• _TASK DIRECTIONS_: Starting at the first line of the material below and stopping after the line that includes "Scena raffigurante la", write the lines out again exactly. Drop any pictures.

• _DATASET RECORDS_:
┄┄┄┄┄┄
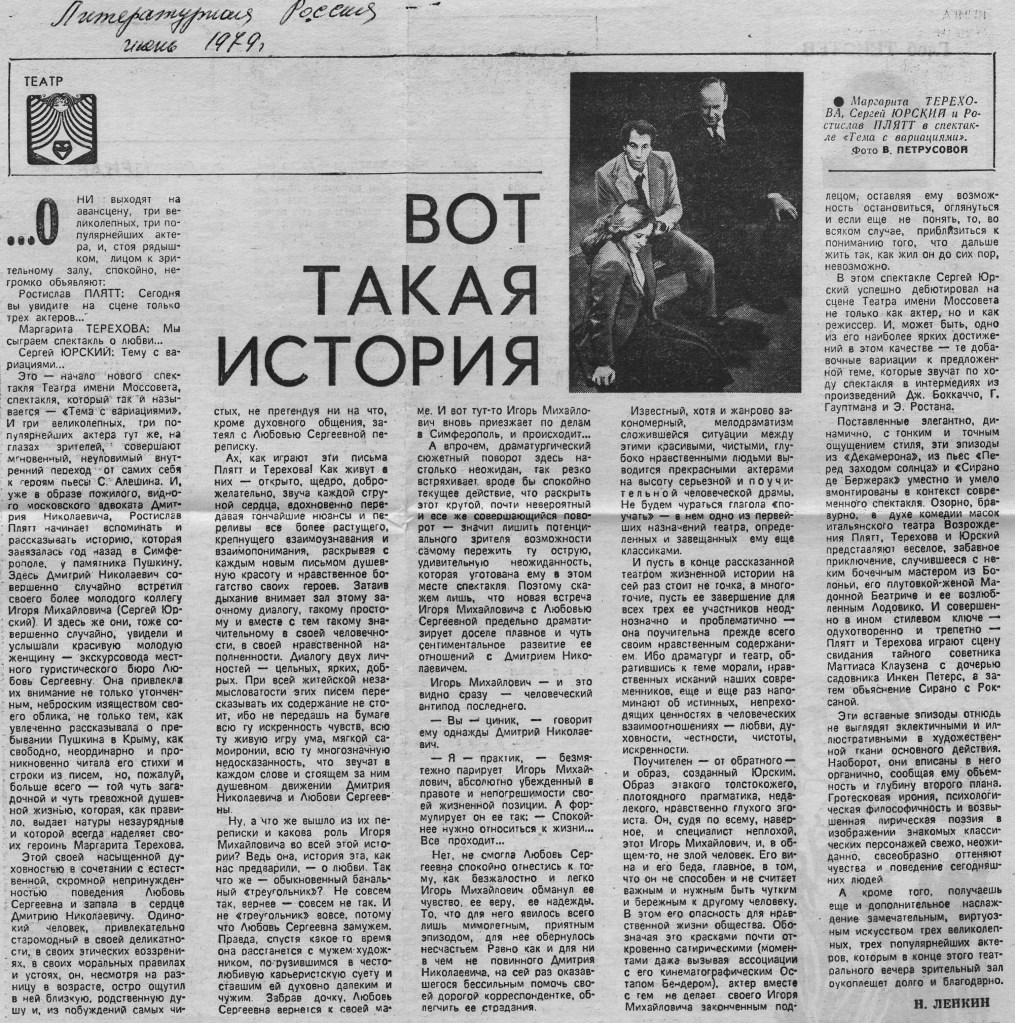 - Впервые на московской сцене. Вечерняя Москва. 25 апреля 1979 года.
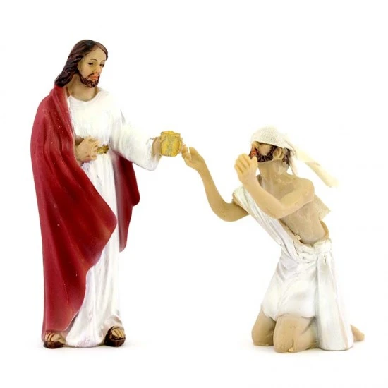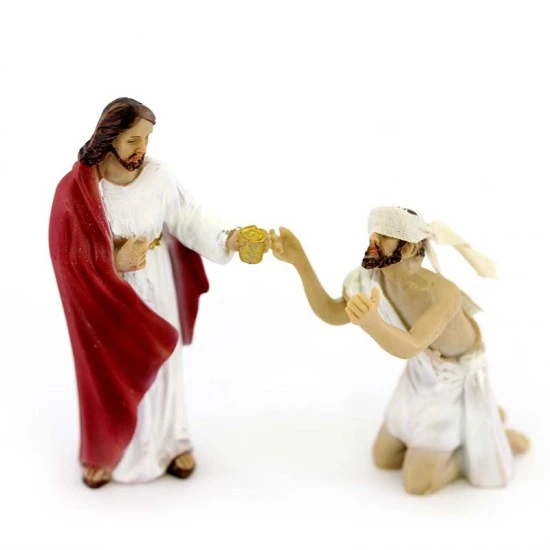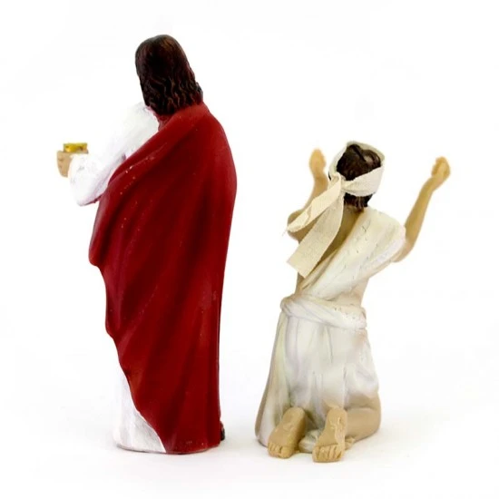 Scena raffigurante la guarigione del cieco, realizzata interamente in resina colorata effetto legno. Prodotto di ottima fattura e ben rifinito, fornito confezionato in scatola di cartone.
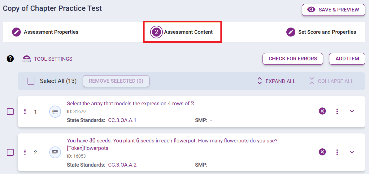 6. Click the Assessment Content tab and view, add, rearrange, and/or remove items from the assessment.
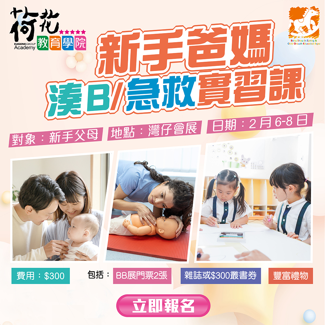 新手爸媽對於照顧小朋友有不同疑難,荷花教育學院邀請專家助大家全方位提升育兒技能。課程囊括新手爸媽湊B實習課、嬰兒急救實習班、BLW餵食及哽塞急救實習課、幼兒常見疾病及意外護理實習班及PNK1入學攻略等。
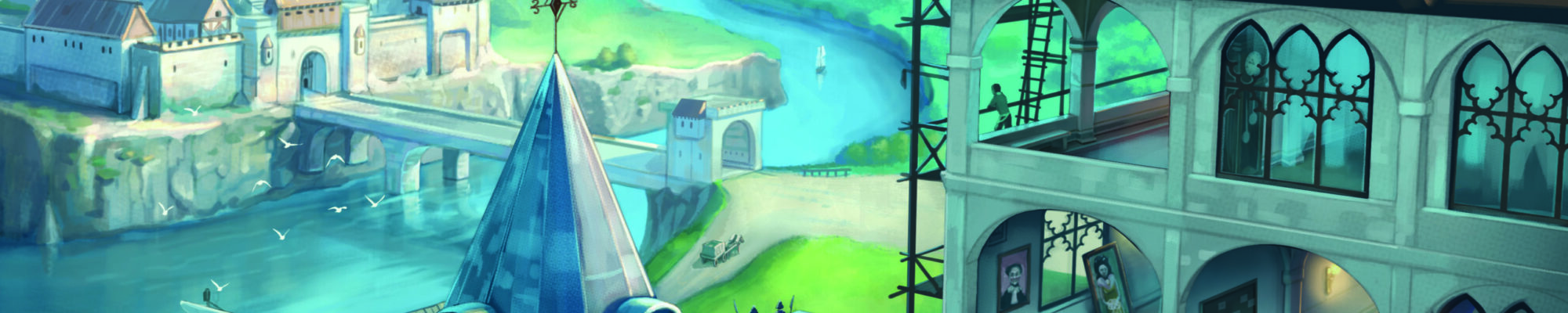 Ein Nachfolger von zwischen zwei Städten, ist das kooperative Spiel zwischen zwei Schlössern von Feuerland. Die Elemente bestehen aus den Schlössern von König Ludwig. Hier baut jeder mit seinem linken und rechen Nachbar ein Schloss auf. Natürlich möchte man niemanden übervorteilen, was gar nicht so einfach ist.
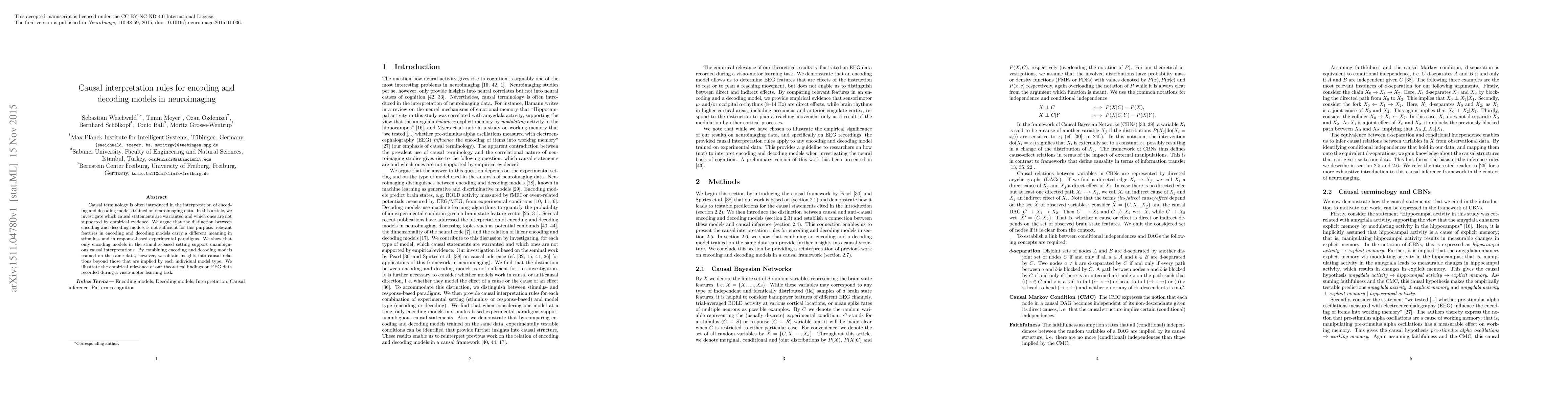 This paper examines the causal interpretations of encoding and decoding models in neuroimaging, arguing that only encoding models in stimulus-based settings allow for clear causal claims. It demonstrates that combining both model types can yield additional causal insights beyond individual models, illustrated with EEG data from a visuo-motor learning task.
┄┄┄┄┄┄
• _SOLUTION_:
 - Впервые на московской сцене. Вечерняя Москва. 25 апреля 1979 года.
 Scena raffigurante la guarigione del cieco, realizzata interamente in resina colorata effetto legno. Prodotto di ottima fattura e ben rifinito, fornito confezionato in scatola di cartone.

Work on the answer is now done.